地方病とは、甲府盆地で古くから恐れられていた病気でした。この病気にかかると、お腹が異様に膨れ上がってしまい腹水が溜まり、しまいには死に至ってしまう病気でした。日本住血吸虫は寄生虫であり、この寄生虫にかかる病気はずっと奇病とされていました。
今でこそ、上のサイクルが解明されているものの、杉浦建造さんが地方病の原因を突き止めるまでは、「なぜ病気にかかるのか?」「いつ、自分も病気にかかってしまうのか?」と、甲府盆地に住む方は恐怖におびえていたという。
そんなことから、地方病の蔓延が落ち着く頃(1960年代か70年代ころまでかと・・)までは、「山梨県にお嫁に行くのは地方病にかかって死に至る覚悟をもっていかなくてはいけない」といわれており、山梨県の男性は敬遠されがちだったという話も聞きました。
恐ろしいですね、地方病。。
そんな地方病の解明は、とある女性が献体してくれたことから始まったのです!!

とある女性が献体に名乗り出た!!

▲地方病の患者を診る「杉浦建造氏」
そんななか、明治30年の時でした。山梨県の有名な温泉街である石和に暮らしていた「杉山なかさん」という農婦の女性が、お腹が膨れる原因をつかんでくれということで杉浦醫院へ訪れました。しかし、杉浦建造先生は「これは腹を割ってみないとわからない」という結論に。
そして、山梨県ではまだ献体をしてくれる方がいなかったため、杉山さんが「自分の息子や孫がこの病気にかからないように、私のお腹を割って原因を突き止めてください!!」ということで献体してくれることになったのです。
そして調べたところ、今までの十二指腸中や回虫とは異なった卵が発見されたのです。ただ、この解剖で分かったのはこれだけで、この卵は一体どんな虫が産むのかを特定することまでは出来ませんでした。

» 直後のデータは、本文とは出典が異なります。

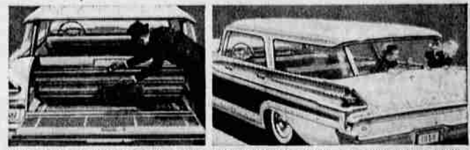
NEW! CONCEALED PACKAGE COMPARTMENT Now... for your valuables, a secret storage space with lid and lock. Conveniently located just in front of the tailgate—a hidden floor "safe." UNIQUE HARDTOP STYLING...RETRACTABLE REAR WINDOW No view-blocking pillars with Mercury's hardtop styling. One pillar replaces three found in most wagons. The rear window slides down into tailgate. This eliminates the need for the heavy liftgate.

20th ANNIVERSARY '59 MERCURY BUILT TO LEAD...BUILT TO LAST
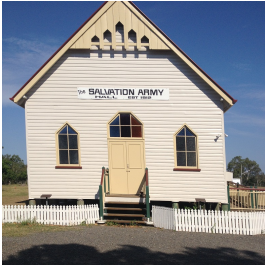
Salvation Army Hall, Riverview
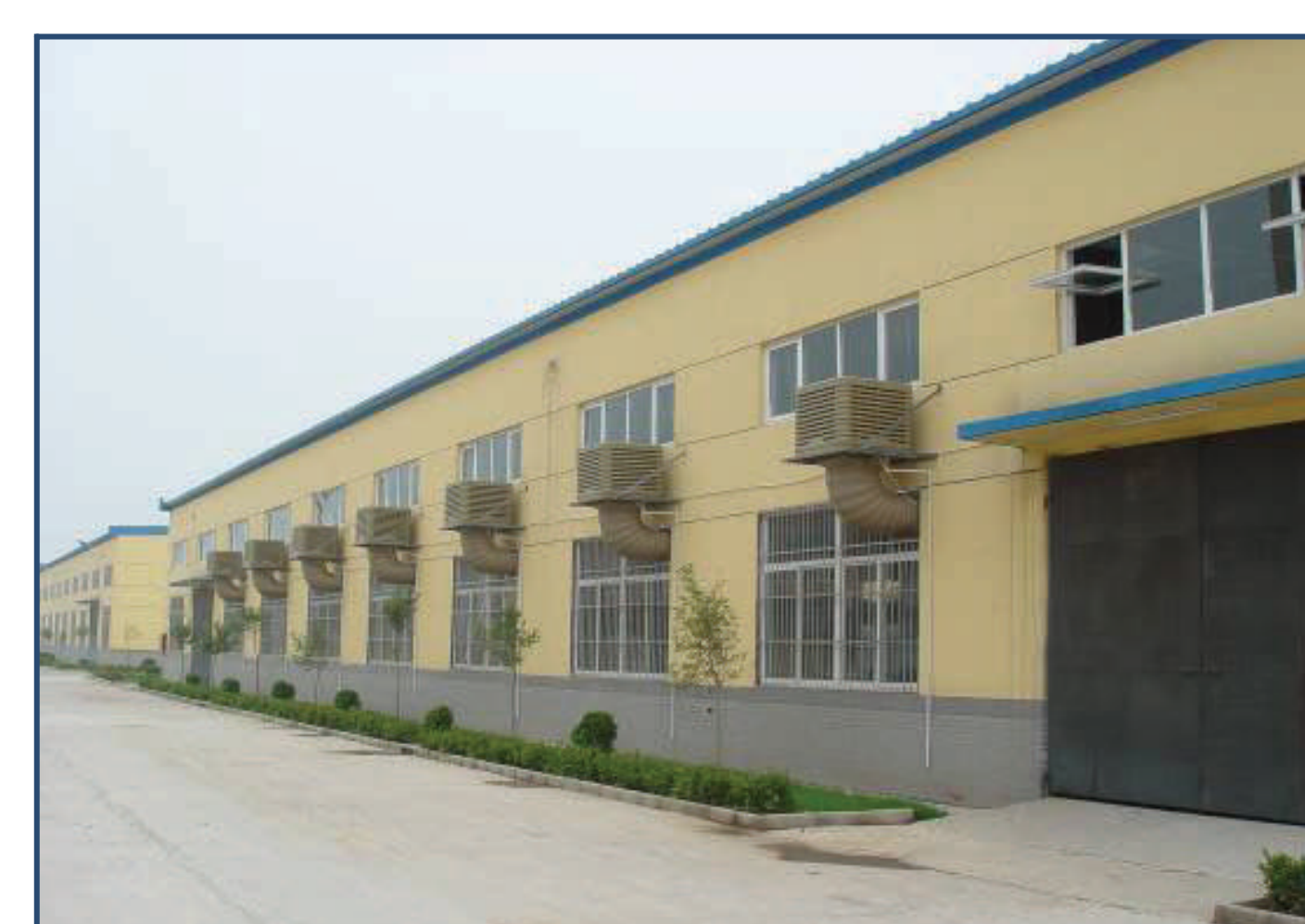
Footwear Manufacturing Facility

1. U.S. footwear consumption has increased by almost 200% since 1978, and footwear manufacture has moved to China due to decreased regulations, low-cost labor, and expertise. The vast amount of footwear consumed every year and the less stringent environmental regulations in China mean that the impacts incurred during the life cycle of each shoe combine to have significant environmental impacts.
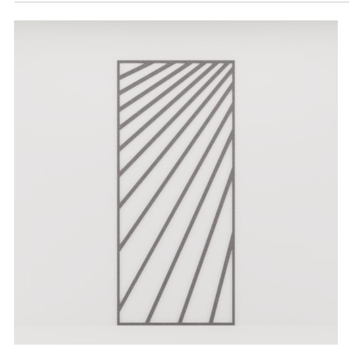
Pattern Panel Nadu Detail
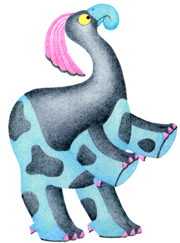
the blue-nosed teaser
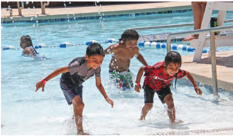
Children and parents have a nice time enjoying their Saturday at the pool.

A Big Thank You to our Volunteer Coaches and helpers for your time, patience, hard-work and dedication, you’re a great
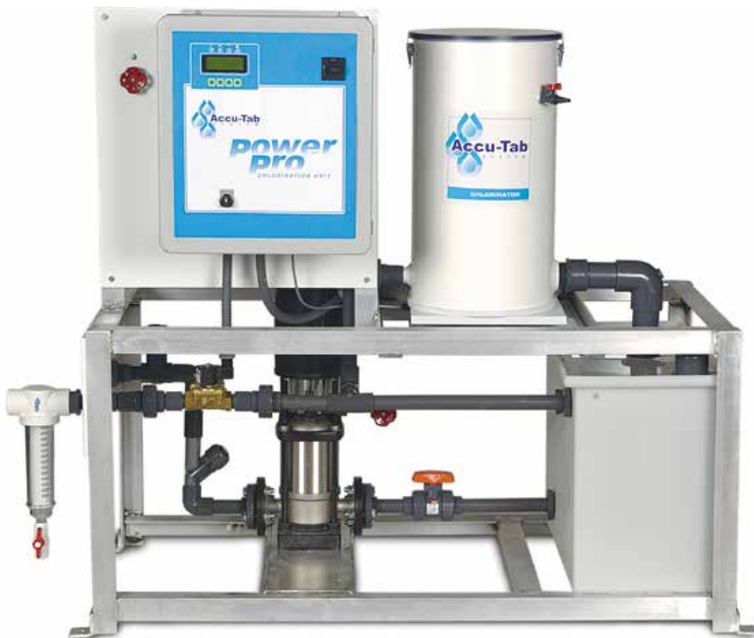
Accu-Tab system PowerPro 3075 chlorination unit shown with automated controller and weigh scale options.

PowerPro units are available in both gravity and pressure return models. They feature a simple "hook-up/plug-in" installation that expedites conversion from your old system. PowerPro units can be easily customized to meet your individual requirements and the compact size makes installation easy.
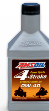
AMSOIL 0W-40 Formula 4-Stroke® Power Sports Synthetic Motor Oil
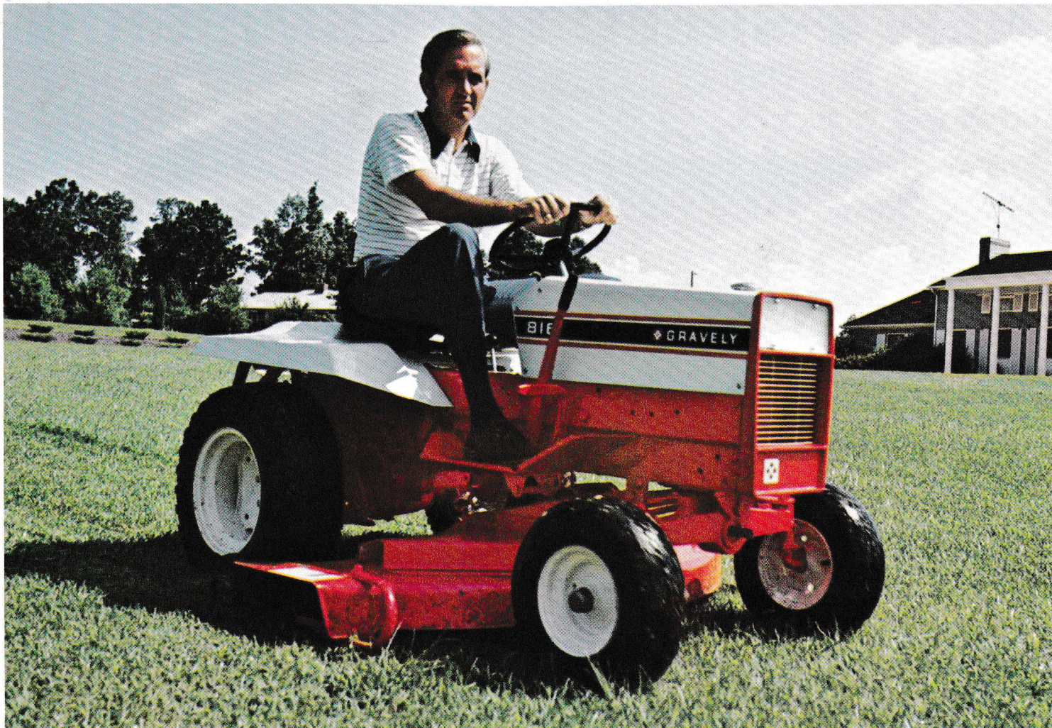
Gravely 816 Riding Tractor with 50-inch Rotary Mower
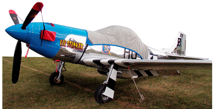
Stewart Mustang Canopy Cover, Prop Tie Downs & Intake Plugs
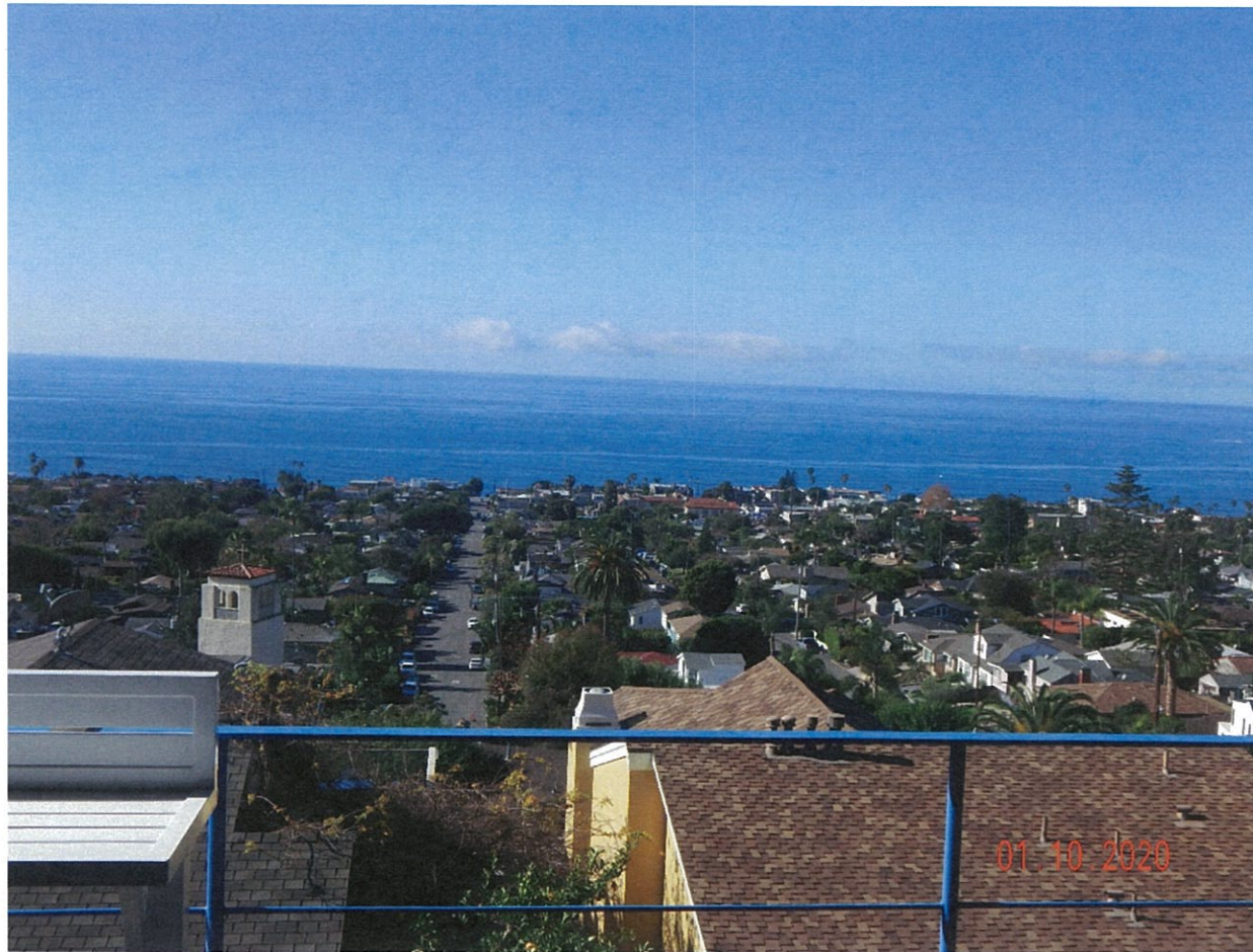
999 Coast View Dr.

The photograph above was taken from the dining room on the main level of the primary residential structure.
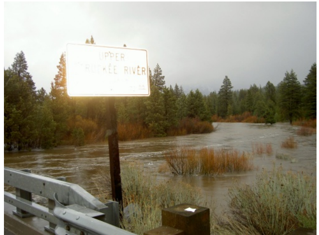
UTR Sunset Reach 6 Flooding at Sawmill & US 50 bridge 12-31-2005
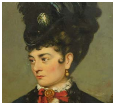
19thC English School. Figure of a lady facing sinister, wearing elaborate feather hat and neck jewel, shoulder portrait, oil on canvas, 60cm x 45cm. SOLD for £380
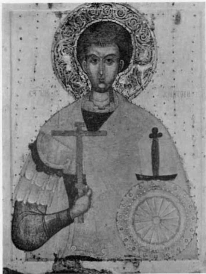
49. SAINT DEMETRIUS OF THESSALONICA
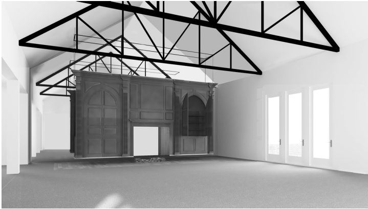
The planned interior of the Forever the 4 th Gallery that will display the Ross Hall Wall at the Metlar-Bodine House Museum

Independence Day in Piscataway, make sure to tag your social media posts with #First4th.
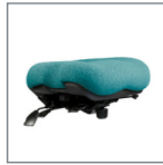
6 Seat Medium, Moderate Contour
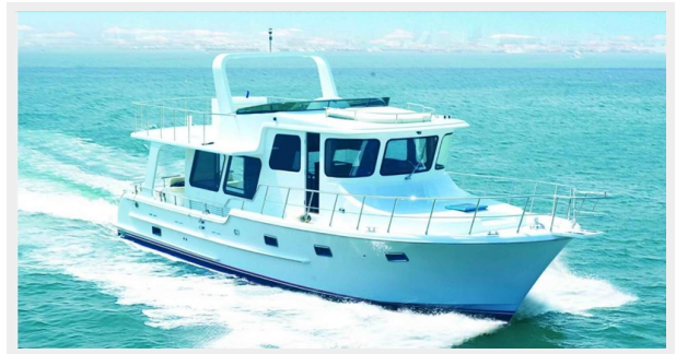
SB Bow view

そして7年経っても次の献体者が現れず、調査は進まず。。。
▲ミラシジウムの成虫
そこで、甲府市在住である三上三郎氏が自分が飼っている愛猫(ヒメ)を田んぼに放して水につけてこの病気にかかるのを待ちました。すると、猫のお腹が大きくなり桂田富士郎という医学者の方を呼んで解剖したら、オスとメスが合体した成虫が門脈(肝臓へ向かう部分の血管)に住みついているのを発見したのです。
そして、こいつは「ミラシジウム」という虫であり、このミラシジウムこそが地方病を引き起こす根本原因だったわけです!!
体内に潜んでいたミラシジウムの成虫はオスとメスが合体しているため、鬼のように卵を産みまくることが出来ることで肝臓の前に血管が詰まり、肝機能が弱まることで腹水が溜まりお腹が異様に膨れてしまっていたのです。とりあえず、体内で卵を産む生物の存在は確認できたのですね!そして、次のステージへ。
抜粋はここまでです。